– "Утверждаются пожалования за отличия в делах против неприятеля. Государь император всемилостивейше соизволил..." – его голос звенел. "...В монаршьем внимании к примерно-ревностной службе... К отлично-усердной... Ордена святого великомученика и победоносца Георгия... Святого Станислава с мечами... Святого равно-престольного князя Владимира с мечами и бантами"!..
Наверно, в воображении его картинно лязгали эти золоченые мечи, переливались муаровые ленты и царь на виду всего войска и Катиных знакомых, рдеющих гимназисток, собственноручно возлагал на грудь героя кресты и звезды. Катя был воинственным юношей. Пропитан мечтами о славе, воодушевлен пафосом войны, которую называл не иначе как "битва народов", "величайшее поле брани всех времен". И на тебе – случайный осколок в ягодицу, и изволь недели продавливать животом лазаретный матрац. В то самое время, когда можно совершать неисчислимые геройства. Бедный Катя! А может быть, в неведении юности – счастливый? Они, фронтовики, лишены подобной радости, и в этом то общее, что объединяло Антона с рубакой есаулом, сопевшим на своей кровати у окна.
Наденька сочувствовала Константину. Казак злился, грубо обрывал его излияния:
– Ты, едрена фома, покормишь вшей – узнаешь тогда, какая она, "ревностно-усердная".
Прапорщик не сдавался:
– "В монаршьем внимании к отлично-усердной службе вашей и ревностному участию в занятиях Государственного совета и Государственной думы, а также в воздаяние полезных трудов ваших повелеваем вам возложить на себя и носить по установлению... Пребываем императорскою милостию нашею к вам неизменно благосклонны..." – он вздохнул. – Родзянке – орден Белого Орла. Вот это да!..
– Какому еще Родзянке? – в голосе Шалого послышалась угроза. – Борову в манишке? Да я б ему не орден, а нагайкой по жирной заднице наградил!
– Как можно! О председателе Думы!
– Председатель! Ёшь-мышь!.. У меня свояк в военно-промышленном комитете, он все знает. Этот хряк на своих заводах за каждое ружейное ложе получает с казны надбавку по целковому. Посчитай-ка, сколько рубликов набежит, если ружья на все войско? Мильены! Мы по болотам и снегам: "Марш-марш, шашки к бою!" – а он по рублику на ложе, по гривеннику на патрон, а уж пушки – те наверняка обходятся казне, как если б они из литого золота... Правду я говорю, артиллерия?

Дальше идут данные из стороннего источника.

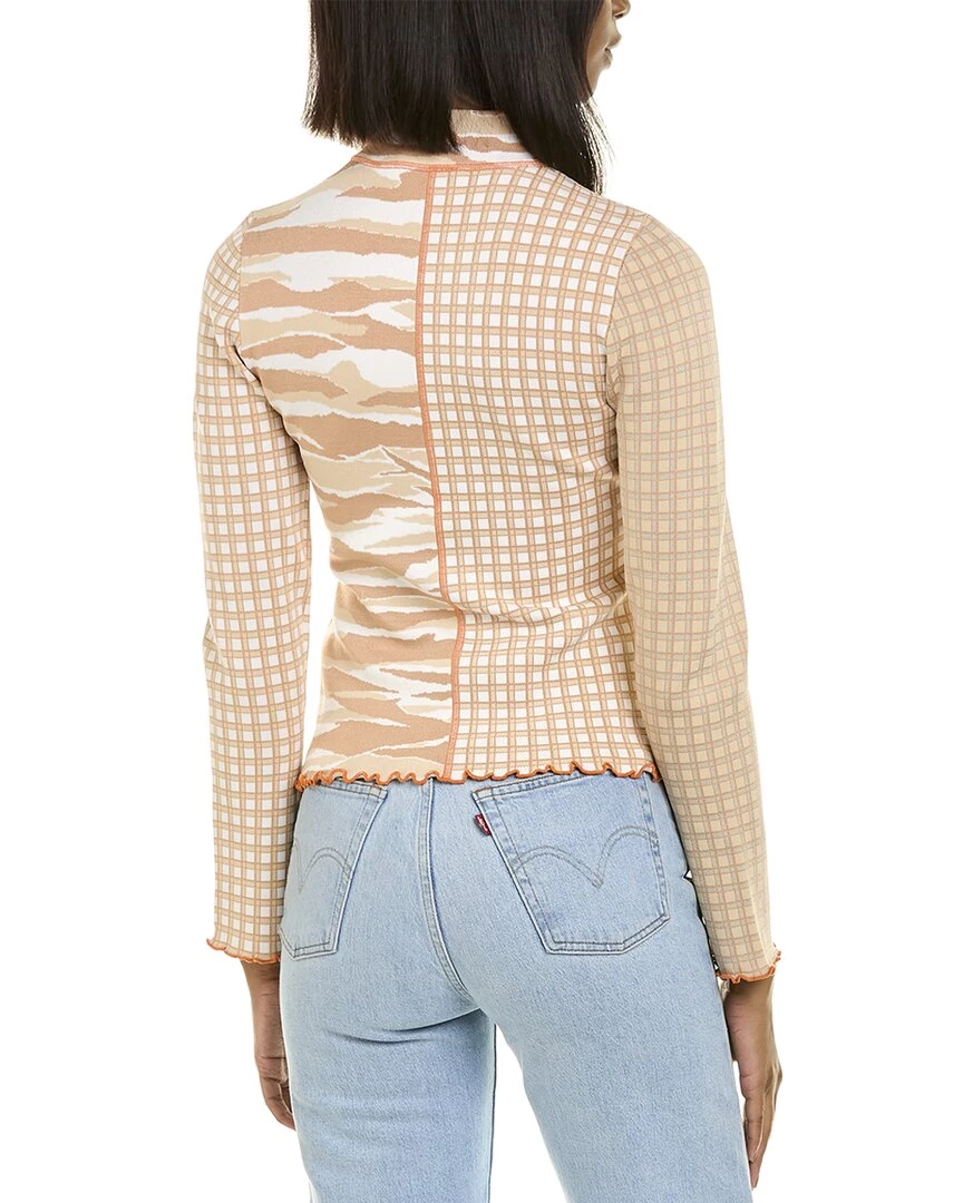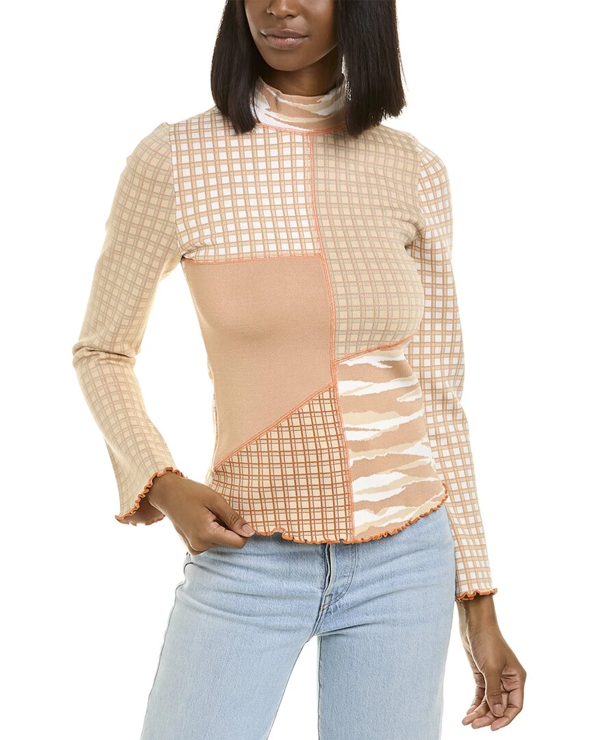 - Xena Top In Caramel Combo With Stretch Knit Fabric, Turtleneck And Lettuce Edge Trim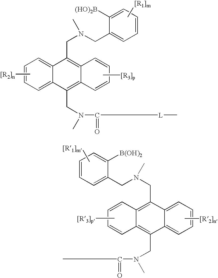 In other exemplary embodiments of the invention, the fluorescent sensor compound selectively binds glucose; m, m′, n, n′, p, and p′ are each zero; and the L group of the fluorescent compound is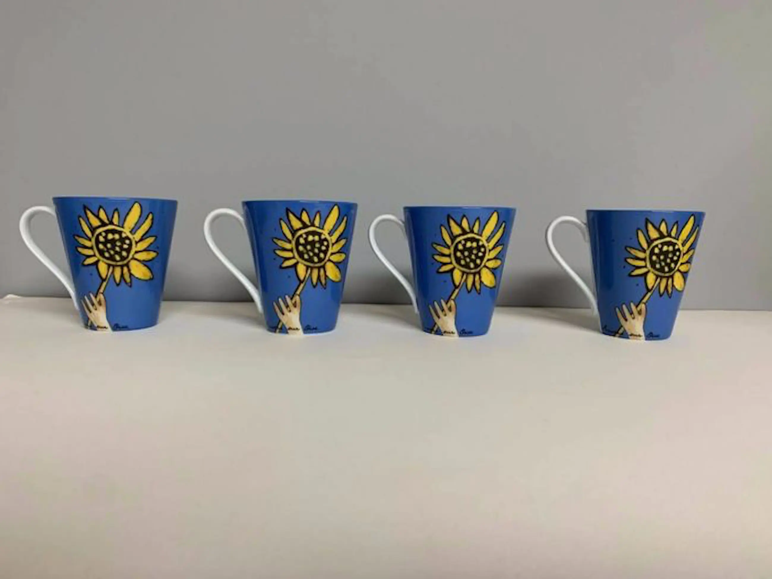 Mooie set van 4 mokken - Authorized Edition Mokken die zeldzaam zijn geworden Set van 4 mokken in perfecte staat : De Zonnebloem en de Vogel - Auvers-sur-Oise - Hulde aan Van-Gogh - signature meegedrukt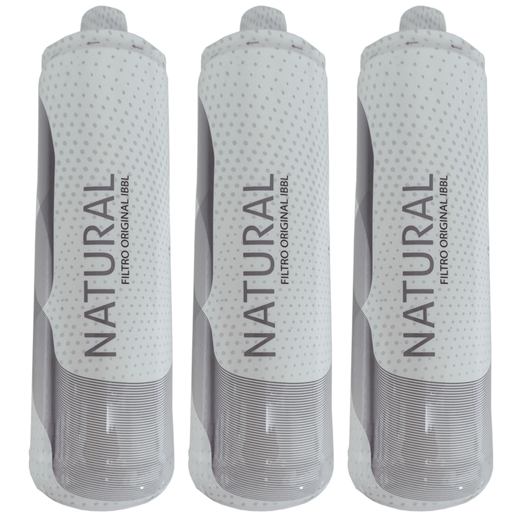 Contém: 03 - Filtro Refil Natural C+3 Para Purificador de Água FR600 IBBL; Modelo Compatível: FR600; Atenção: Produto ORIGINAL, possui novo rótulo. O Refil Girou Trocou Natural C+3 possui o sistema de TRIPLA FILTRAGEM, que retém as impurezas da água como barro, ferrugem e sedimentos; reduz o cloro e elimina sabores e odores indesejáveis da água; Prático sistema refil GIROU TROCOU garante ao usuário uma fácil substituição do refil e manutenção do equipamento. Características Técnicas Tripla filtragem: • Primeira Etapa: Elemento filtrante de microfibra de polipropileno de densidade graduada; • Benefícios: Retenção de partículas de areia, barro, ferrugem e sedimentos; • Segunda Etapa: Carvão ativado com prata; • Benefícios: Elimina odores e sabores de cloro, além de impedir a proliferação de microorganismos; • Terceira Etapa: Elemento filtrante de microfibra de polipropileno de densidade graduada; • Benefícios: Clarificação final de água e retenção de partículas que conseguiram passar pela 1ª etapa. Garanta a qualidade da água que você consome, troque os refis conforme sugerido, é rápido, prático e fácil Produto a ser utilizado com água potável, de acordo com Portaria 518/2004 do MS. Eficiência na retenção de partículas Classe (P) III, tamanho da partícula (µm) > 5 a < 15 Eficiência na retenção de Cloro Livre Classe (C) I, % de redução de cloro > 75% Vida útil do refil: 3.000 litros ou até 6 meses Dimensões Sem Embalagem • Largura: 65 mm • Altura: 223 mm • Profundidade: 65 mm • Peso Líquido: 0,284 kg Cod: 2712/3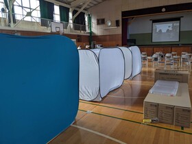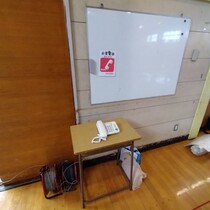 今日一日の楽しいプログラムはこの受付からスタート 。受付開始時間前にしっかりと準備OK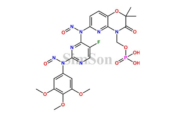 | Chemical Name : | (6-((5-Fluoro-2-(nitroso(3,4,5-trimethoxyphenyl)amino)pyrimidin-4-yl)(nitroso)amino)-2,2-dimethyl-3-oxo-2,3-dihydro-4H-pyrido[3,2-b][1,4]oxazin-4-yl)methyl dihydrogen phosphate |

– Не покупал, – отозвался Путко. – Знаю только, что не хватает отечественных. Англичане и французы присылают. Дерьмо.
– Вот-вот! А нам винтовки выдали японские. Как до дела дошло, оказалось: наши патроны не подходят, а ихних нет.
– Да что там, – втянулся Антон в извечный разговор фронтовиков, ветоши, керосина, пушечного сала – и того не хватает.
Но есаул неожиданно возразил:
– Хрен с ними, на нет русскому человеку обижаться не след, на Руси всегда так было. Главная наша беда – измена. Шпионов напустили – как клопов. Коли сам военный министр с германцами через свою жену стакнулся – красива, говорят, стерва!.. Куда ни плюнь, в немчуру попадешь: "штофы", "дорфы", "морфы". Моя б воля: когда началась война, в первый же день всех с немецкими и прочими нерусскими фамилиями перевешал бы на фонарях, а потом бы уже трубил поход. Но первым повесил бы этого сукина сына Гришку Распутина.
Он заскрипел на пружинах, приподнимаясь, сделал какое-то резкое движение, от которого просвистело в воздухе:
– Тянет!.. – Сел на койке. – Лучше не бередить душу. С шашкой бы в лаву – и кочан в кусты, мать их!..
Катя охнул:
– Тимофей Терентьич, зачем так-то при Надежде Сергеевне?..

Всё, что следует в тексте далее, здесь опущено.